# [PROMPT]
Could you return all of the entries word for word, minus any pictures?

# [EXTRACTED ENTRIES]
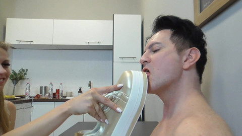 Sneaker Sniffing Mask Milking! Princess Kirstin has devised a new t method for her slave a sneaker sniffing mask! She forces one of her sweaty sneakers against his nose and orders him to sniff it. Then she tapes the shoe to his face, so that Bobby has to inhale the stench of her smelly sneaker constantly. Next, she begins to masturbate him, using the second sneaker to stroke his penis. She makes him cum with the sneaker. As soon as Bobby ejaculates, the perverted hussy milks his cum onto the sole of the sneaker. Finally, Bobby has to lick all the cum off the soles of her sneakers.
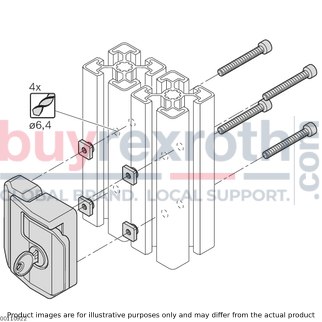 Installation requires specific profile finishing with drilling of hole D6.4, which ensures a precise fit and seamless integration into door systems. The Bosch Rexroth DOOR LOCK (3842530353) represents a reliable choice for those seeking a dependable and user-friendly locking mechanism for their swing doors.
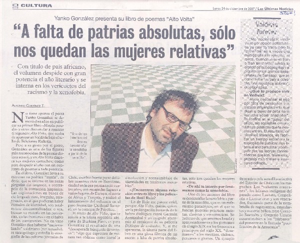 "A falta de ptrias absolutas, sólo nos quedan las mujeres relativas" [artículo] Alfonso Cortínez T.
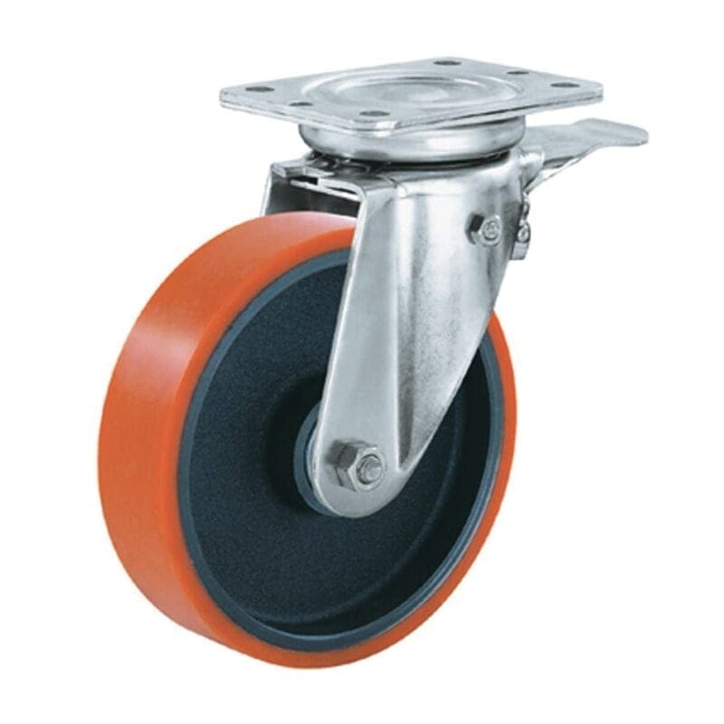 Zware plaatstalen vork, verzinkt-gepassiveerd. Speciale zwenkkrans dubbel gelagerd op drie punten aan de vork bevestigd. Wiel serie 2D. Gietijzern kern met polyurethaan (PU) band (95 graden Shore A). Kogellager. Rem blokkeert zwenk en wiel.
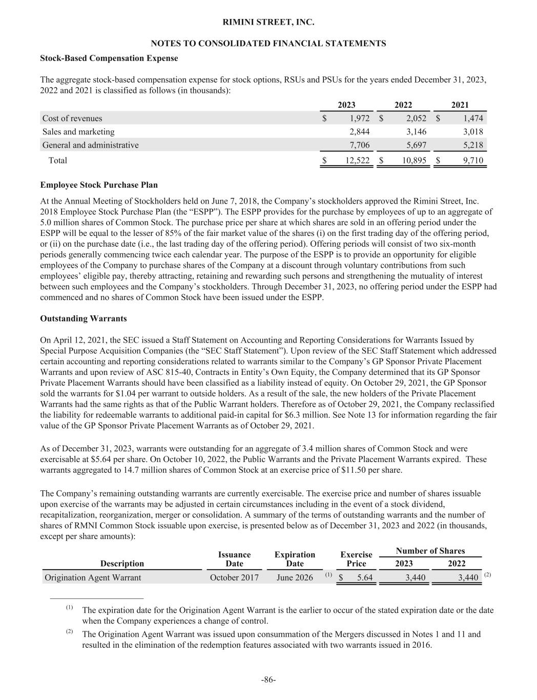 Stock-Based Compensation Expense The aggregate stock-based compensation expense for stock options, RSUs and PSUs for the years ended December 31, 2023, 2022 and 2021 is classified as follows (in thousands): 2023 2022 2021 Cost of revenues $ 1,972 $ 2,052 $ 1,474 Sales and marketing 2,844 3,146 3,018 General and administrative 7,706 5,697 5,218 Total $ 12,522 $ 10,895 $ 9,710 Employee Stock Purchase Plan At the Annual Meeting of Stockholders held on June 7, 2018, the Company’s stockholders approved the Rimini Street, Inc. 2018 Employee Stock Purchase Plan (the “ESPP”). The ESPP provides for the purchase by employees of up to an aggregate of 5.0 million shares of Common Stock. The purchase price per share at which shares are sold in an offering period under the ESPP will be equal to the lesser of 85% of the fair market value of the shares (i) on the first trading day of the offering period, or (ii) on the purchase date (i.e., the last trading day of the offering period). Offering periods will consist of two six-month periods generally commencing twice each calendar year. The purpose of the ESPP is to provide an opportunity for eligible employees of the Company to purchase shares of the Company at a discount through voluntary contributions from such employees’ eligible pay, thereby attracting, retaining and rewarding such persons and strengthening the mutuality of interest between such employees and the Company’s stockholders. Through December 31, 2023, no offering period under the ESPP had commenced and no shares of Common Stock have been issued under the ESPP. Outstanding Warrants On April 12, 2021, the SEC issued a Staff Statement on Accounting and Reporting Considerations for Warrants Issued by Special Purpose Acquisition Companies (the “SEC Staff Statement”). Upon review of the SEC Staff Statement which addressed certain accounting and reporting considerations related to warrants similar to the Company’s GP Sponsor Private Placement Warrants and upon review of ASC 815-40, Contracts in Entity’s Own Equity, the Company determined that its GP Sponsor Private Placement Warrants should have been classified as a liability instead of equity. On October 29, 2021, the GP Sponsor sold the warrants for $1.04 per warrant to outside holders. As a result of the sale, the new holders of the Private Placement Warrants had the same rights as that of the Public Warrant holders. Therefore as of October 29, 2021, the Company reclassified the liability for redeemable warrants to additional paid-in capital for $6.3 million. See Note 13 for information regarding the fair value of the GP Sponsor Private Placement Warrants as of October 29, 2021. As of December 31, 2023, warrants were outstanding for an aggregate of 3.4 million shares of Common Stock and were exercisable at $5.64 per share. On October 10, 2022, the Public Warrants and the Private Placement Warrants expired. These warrants aggregated to 14.7 million shares of Common Stock at an exercise price of $11.50 per share. The Company’s remaining outstanding warrants are currently exercisable. The exercise price and number of shares issuable upon exercise of the warrants may be adjusted in certain circumstances including in the event of a stock dividend, recapitalization, reorganization, merger or consolidation. A summary of the terms of outstanding warrants and the number of shares of RMNI Common Stock issuable upon exercise, is presented below as of December 31, 2023 and 2022 (in thousands, except per share amounts): Issuance Date Expiration Date Exercise Price Number of Shares Description 2023 2022 Origination Agent Warrant October 2017 June 2026 (1) $ 5.64 3,440 3,440 (2) _____________________ (1) The expiration date for the Origination Agent Warrant is the earlier to occur of the stated expiration date or the date when the Company experiences a change of control. (2) The Origination Agent Warrant was issued upon consummation of the Mergers discussed in Notes 1 and 11 and resulted in the elimination of the redemption features associated with two warrants issued in 2016. RIMINI STREET, INC. NOTES TO CONSOLIDATED FINANCIAL STATEMENTS -86-

# [RESULT OF THE TASK]
 Sneaker Sniffing Mask Milking! Princess Kirstin has devised a new t method for her slave a sneaker sniffing mask! She forces one of her sweaty sneakers against his nose and orders him to sniff it. Then she tapes the shoe to his face, so that Bobby has to inhale the stench of her smelly sneaker constantly. Next, she begins to masturbate him, using the second sneaker to stroke his penis. She makes him cum with the sneaker. As soon as Bobby ejaculates, the perverted hussy milks his cum onto the sole of the sneaker. Finally, Bobby has to lick all the cum off the soles of her sneakers.
 Installation requires specific profile finishing with drilling of hole D6.4, which ensures a precise fit and seamless integration into door systems. The Bosch Rexroth DOOR LOCK (3842530353) represents a reliable choice for those seeking a dependable and user-friendly locking mechanism for their swing doors.
 "A falta de ptrias absolutas, sólo nos quedan las mujeres relativas" [artículo] Alfonso Cortínez T.
 Zware plaatstalen vork, verzinkt-gepassiveerd. Speciale zwenkkrans dubbel gelagerd op drie punten aan de vork bevestigd. Wiel serie 2D. Gietijzern kern met polyurethaan (PU) band (95 graden Shore A). Kogellager. Rem blokkeert zwenk en wiel.
 Stock-Based Compensation Expense The aggregate stock-based compensation expense for stock options, RSUs and PSUs for the years ended December 31, 2023, 2022 and 2021 is classified as follows (in thousands): 2023 2022 2021 Cost of revenues $ 1,972 $ 2,052 $ 1,474 Sales and marketing 2,844 3,146 3,018 General and administrative 7,706 5,697 5,218 Total $ 12,522 $ 10,895 $ 9,710 Employee Stock Purchase Plan At the Annual Meeting of Stockholders held on June 7, 2018, the Company’s stockholders approved the Rimini Street, Inc. 2018 Employee Stock Purchase Plan (the “ESPP”). The ESPP provides for the purchase by employees of up to an aggregate of 5.0 million shares of Common Stock. The purchase price per share at which shares are sold in an offering period under the ESPP will be equal to the lesser of 85% of the fair market value of the shares (i) on the first trading day of the offering period, or (ii) on the purchase date (i.e., the last trading day of the offering period). Offering periods will consist of two six-month periods generally commencing twice each calendar year. The purpose of the ESPP is to provide an opportunity for eligible employees of the Company to purchase shares of the Company at a discount through voluntary contributions from such employees’ eligible pay, thereby attracting, retaining and rewarding such persons and strengthening the mutuality of interest between such employees and the Company’s stockholders. Through December 31, 2023, no offering period under the ESPP had commenced and no shares of Common Stock have been issued under the ESPP. Outstanding Warrants On April 12, 2021, the SEC issued a Staff Statement on Accounting and Reporting Considerations for Warrants Issued by Special Purpose Acquisition Companies (the “SEC Staff Statement”). Upon review of the SEC Staff Statement which addressed certain accounting and reporting considerations related to warrants similar to the Company’s GP Sponsor Private Placement Warrants and upon review of ASC 815-40, Contracts in Entity’s Own Equity, the Company determined that its GP Sponsor Private Placement Warrants should have been classified as a liability instead of equity. On October 29, 2021, the GP Sponsor sold the warrants for $1.04 per warrant to outside holders. As a result of the sale, the new holders of the Private Placement Warrants had the same rights as that of the Public Warrant holders. Therefore as of October 29, 2021, the Company reclassified the liability for redeemable warrants to additional paid-in capital for $6.3 million. See Note 13 for information regarding the fair value of the GP Sponsor Private Placement Warrants as of October 29, 2021. As of December 31, 2023, warrants were outstanding for an aggregate of 3.4 million shares of Common Stock and were exercisable at $5.64 per share. On October 10, 2022, the Public Warrants and the Private Placement Warrants expired. These warrants aggregated to 14.7 million shares of Common Stock at an exercise price of $11.50 per share. The Company’s remaining outstanding warrants are currently exercisable. The exercise price and number of shares issuable upon exercise of the warrants may be adjusted in certain circumstances including in the event of a stock dividend, recapitalization, reorganization, merger or consolidation. A summary of the terms of outstanding warrants and the number of shares of RMNI Common Stock issuable upon exercise, is presented below as of December 31, 2023 and 2022 (in thousands, except per share amounts): Issuance Date Expiration Date Exercise Price Number of Shares Description 2023 2022 Origination Agent Warrant October 2017 June 2026 (1) $ 5.64 3,440 3,440 (2) _____________________ (1) The expiration date for the Origination Agent Warrant is the earlier to occur of the stated expiration date or the date when the Company experiences a change of control. (2) The Origination Agent Warrant was issued upon consummation of the Mergers discussed in Notes 1 and 11 and resulted in the elimination of the redemption features associated with two warrants issued in 2016. RIMINI STREET, INC. NOTES TO CONSOLIDATED FINANCIAL STATEMENTS -86-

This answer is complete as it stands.